→ **TRY IT**:
Output only this range of the data below: the line that contains "Easy to wear" through the final line, both ends included, each retyped exactly.

→ **MATERIAL FOR THIS EXERCISE**:
___

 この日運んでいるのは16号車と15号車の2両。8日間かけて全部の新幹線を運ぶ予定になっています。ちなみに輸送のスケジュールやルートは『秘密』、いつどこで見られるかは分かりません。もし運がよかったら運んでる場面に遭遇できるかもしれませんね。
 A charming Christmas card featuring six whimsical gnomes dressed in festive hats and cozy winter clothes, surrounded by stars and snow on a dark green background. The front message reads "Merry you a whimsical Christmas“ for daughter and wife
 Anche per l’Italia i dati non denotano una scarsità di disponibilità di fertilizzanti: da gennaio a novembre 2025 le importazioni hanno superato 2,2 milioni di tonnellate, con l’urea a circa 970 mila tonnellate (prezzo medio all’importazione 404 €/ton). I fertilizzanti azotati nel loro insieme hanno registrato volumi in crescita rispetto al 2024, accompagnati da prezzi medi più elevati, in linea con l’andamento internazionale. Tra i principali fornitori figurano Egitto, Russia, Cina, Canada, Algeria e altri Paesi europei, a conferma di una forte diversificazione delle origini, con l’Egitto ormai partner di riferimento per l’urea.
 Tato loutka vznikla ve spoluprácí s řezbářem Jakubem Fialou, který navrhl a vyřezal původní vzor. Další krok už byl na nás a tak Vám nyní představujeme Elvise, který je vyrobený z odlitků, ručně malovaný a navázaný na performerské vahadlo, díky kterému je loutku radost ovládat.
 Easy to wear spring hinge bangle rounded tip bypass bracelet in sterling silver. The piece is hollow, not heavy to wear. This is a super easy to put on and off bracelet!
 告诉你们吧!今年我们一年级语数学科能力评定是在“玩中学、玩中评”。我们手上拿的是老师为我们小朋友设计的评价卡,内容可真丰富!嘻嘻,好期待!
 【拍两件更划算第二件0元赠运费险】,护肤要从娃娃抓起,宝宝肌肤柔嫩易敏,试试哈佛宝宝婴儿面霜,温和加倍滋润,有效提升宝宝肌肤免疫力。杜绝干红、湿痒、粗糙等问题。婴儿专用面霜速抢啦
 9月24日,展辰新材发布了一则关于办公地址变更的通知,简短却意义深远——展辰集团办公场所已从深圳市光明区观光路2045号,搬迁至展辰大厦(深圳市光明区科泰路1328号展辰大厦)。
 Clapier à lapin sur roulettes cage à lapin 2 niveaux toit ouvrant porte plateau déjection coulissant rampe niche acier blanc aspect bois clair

___

→ **WRITTEN RESPONSE**:
 Easy to wear spring hinge bangle rounded tip bypass bracelet in sterling silver. The piece is hollow, not heavy to wear. This is a super easy to put on and off bracelet!
 告诉你们吧!今年我们一年级语数学科能力评定是在“玩中学、玩中评”。我们手上拿的是老师为我们小朋友设计的评价卡,内容可真丰富!嘻嘻,好期待!
 【拍两件更划算第二件0元赠运费险】,护肤要从娃娃抓起,宝宝肌肤柔嫩易敏,试试哈佛宝宝婴儿面霜,温和加倍滋润,有效提升宝宝肌肤免疫力。杜绝干红、湿痒、粗糙等问题。婴儿专用面霜速抢啦
 9月24日,展辰新材发布了一则关于办公地址变更的通知,简短却意义深远——展辰集团办公场所已从深圳市光明区观光路2045号,搬迁至展辰大厦(深圳市光明区科泰路1328号展辰大厦)。
 Clapier à lapin sur roulettes cage à lapin 2 niveaux toit ouvrant porte plateau déjection coulissant rampe niche acier blanc aspect bois clair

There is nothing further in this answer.